• **Work request**:
All of the data below should be set down again verbatim, without any images.

• **Raw data**:
━━━━━━━━━━━━━━━━

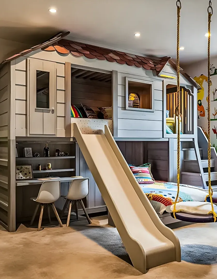 I specialize in creating fun, functional, and space-saving rooms for children. This collection showcases everything from themed bunk beds with integrated desks and slides to shared room solutions that give each child their own space.
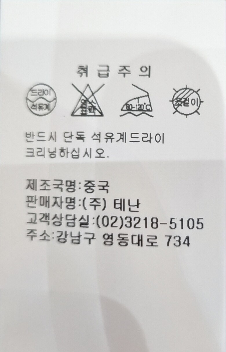 6. 세탁방법 및 취급시 주의사항 반드시 단독 석유계드라이 크리닝하십시오.
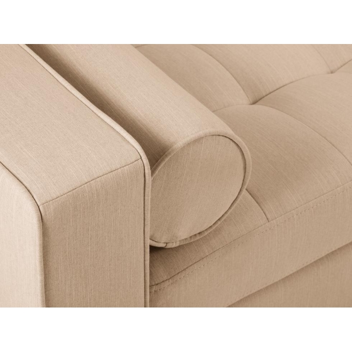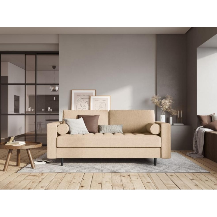 The 2-seater sofa from the Santo collection is an excellent choice for a modern living room. The seat filling is made from a combination of highly elastic polyurethane foam and oatmeal, and the backrest from silicone. The sofa is upholstered in a structured fabric that is extremely resistant to abrasion, with visible interlacing of fibres and a linen-like feel. In addition, LiquidBlocked technology is used to protect the fabric from absorbing liquids. The high quality materials used in the manufacture of the furniture ensure that the user experiences the ultimate in relaxation comfort. The furniture measures: 90 cm deep, 90 cm high, 174 cm wide is set on high wooden (beech) legs, which are a very practical solution when having a cleaning robot at home. The furniture is available in 3 colours: Beige, Light Beige and Blue. The quilted seat and elongated cushions make the sofa very comfortable.

━━━━━━━━━━━━━━━━

• **Solution**:
 I specialize in creating fun, functional, and space-saving rooms for children. This collection showcases everything from themed bunk beds with integrated desks and slides to shared room solutions that give each child their own space.
 6. 세탁방법 및 취급시 주의사항 반드시 단독 석유계드라이 크리닝하십시오.
 The 2-seater sofa from the Santo collection is an excellent choice for a modern living room. The seat filling is made from a combination of highly elastic polyurethane foam and oatmeal, and the backrest from silicone. The sofa is upholstered in a structured fabric that is extremely resistant to abrasion, with visible interlacing of fibres and a linen-like feel. In addition, LiquidBlocked technology is used to protect the fabric from absorbing liquids. The high quality materials used in the manufacture of the furniture ensure that the user experiences the ultimate in relaxation comfort. The furniture measures: 90 cm deep, 90 cm high, 174 cm wide is set on high wooden (beech) legs, which are a very practical solution when having a cleaning robot at home. The furniture is available in 3 colours: Beige, Light Beige and Blue. The quilted seat and elongated cushions make the sofa very comfortable.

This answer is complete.